As soon as I spotted Byron, I got rid of Declan, sending him off to dinner with our friends. I stood beside Byron’s sleeping form, my eyes skimming the scattered papers in front of him. They were reports from all the different departments and subsidiary businesses. There was also a legal pad filled with his notes, but the farther I traveled down the page, the less legible they grew.

After whatever shit thing he’d gone through, he’d returned to work on Courtland Enterprises’ problem of falling revenue. My heart simultaneously swelled and broke for him. If there was anyone in desperate need of a break, it was my poor assistant.

With Byron sleeping so soundly, I gave in to one of my greatest wishes. I reached out and lightly touched his hair, letting those fine silken threads brush along my fingertips. I shouldn’t. It was wrong. But if I couldn’t ever date him, I wanted to look back and have this tiny thing.

I rested my hand on his shoulder and shook him gently. “Byron? It’s time to wake up.
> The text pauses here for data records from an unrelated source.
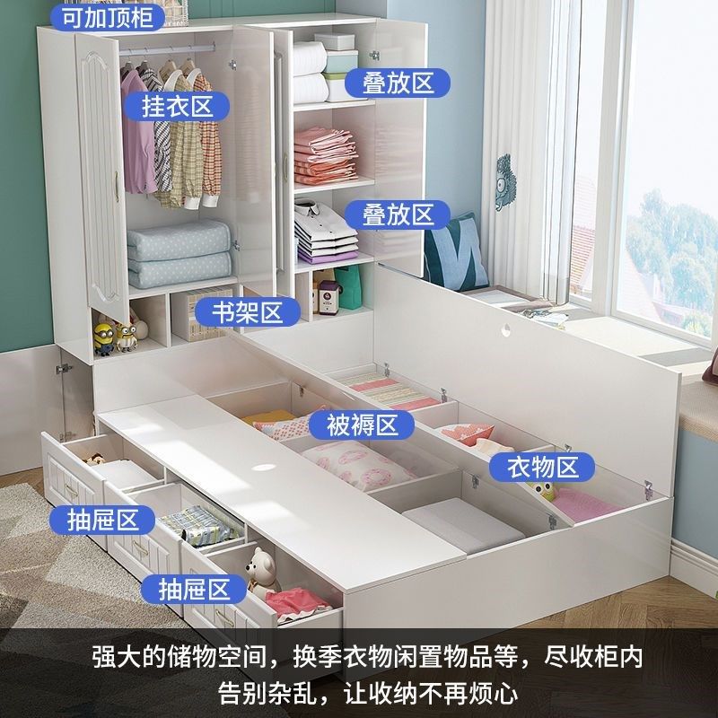 新榻榻米衣柜床床一体儿童床小户型多功能带组合床衣帽间储物书桌
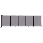 This room divider features a strong and durable aluminum frame. Its non-marking, locking casters make it easy to position in your area. Plus, their low center of gravity reduces noise and increases safety. The panels' charcoal gray fabric material with a fiberglass core even helps to dampen sound to keep your area calm and quiet. This divider features 5 360-degree rotating panels as well as 1 full-sized end panel fixed at 90 degrees for a total of 6 panels to promote stability. You can even put tacks in the fabric to hang signs or notes. Additionally, this divider features a versatile 14' x 4' size so that you can accommodate many different setups. Its wall mountable design also allows you to conveniently and easily anchor the end of the divider with the included parts so that it stays in place. With this room divider, you will have unlimited configuration options!
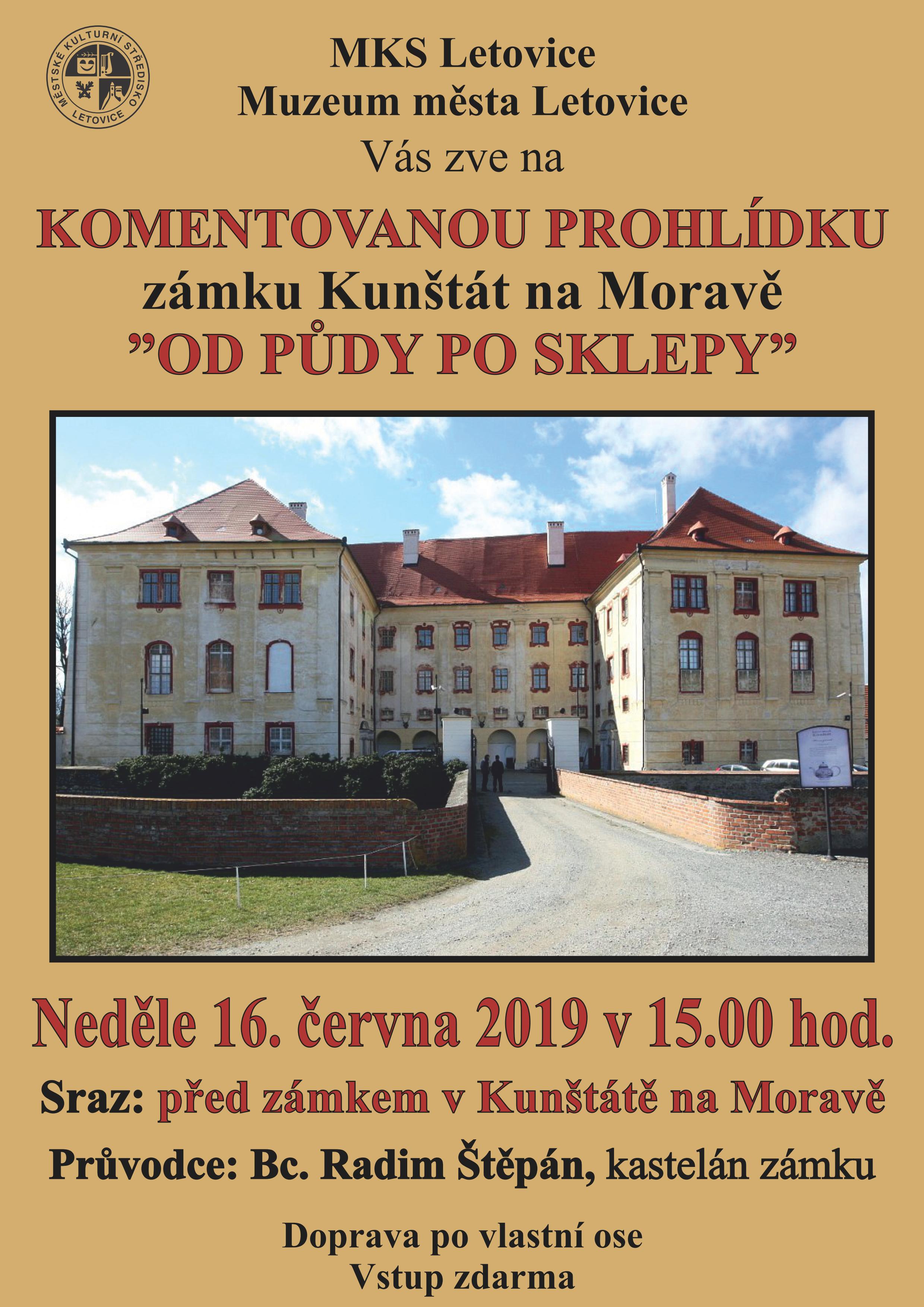 Přijměte pozvání na komentovanou prohlídku zámku Kunštát na Moravě „Od půdy po sklepy", která se uskuteční v neděli 16. června 2019 v 15.00 hodin. Sraz účastníků před zámkem v Kunštátě na Moravě, průvodcem vám bude kastelán zámku Bc. Radim Štěpán.

I’ll take you home,” I said in a low voice.

The young man jolted upright, a piece of paper stuck to his cheek. I swallowed the chuckle that rose and plucked away the paper. The movement drew his gaze up to me as he seemed to have taken zero notice of the fact that I was still holding his shoulder.

I’d expected horror when he saw me. What I got was the widest grin I’d ever seen on Byron’s face.

“S’bastian!” he slurred. “What’re you doin’ ’ere? Oh, no! Is it Monday already?”

This time I laughed, ignoring the flutter in my chest at the sound of him saying my name for the first time. Well, almost saying it. “No, it’s Friday night. I came to take you home. It’s not good to sleep here.”

“Oh! Then I gotta clean up my mess.” He turned away from me and stretched his arms across the table, dragging the papers noisily to his body. I jumped forward and snagged the decanter and glass as they moved with the papers, and I deposited them on the hidden wet bar.

“We can leave the papers to deal with on Monday. They’ll be fine,” I reassured him as I returned to his side.

“Okay.” It was the most affable tone I’d ever heard from him. He pushed to his feet and flopped into the chair again as if his legs refused to hold him. Byron directed a quizzical look at his legs, swaying in his seat as if he were also confused by what happened.

When he made another attempt, I grabbed his arm and held him upright, stopping him from falling a second time. As we made our way to the elevators, I wrapped an arm around him while Byron mimicked me, putting his arm behind my waist while he laid his head on my chest.

“You’re tall,” Byron declared with a lopsided grin. He wasn’t wrong. I had a solid six inches on him, and I appreciated that I had a considerable height and weight advantage over him since he couldn’t walk straight.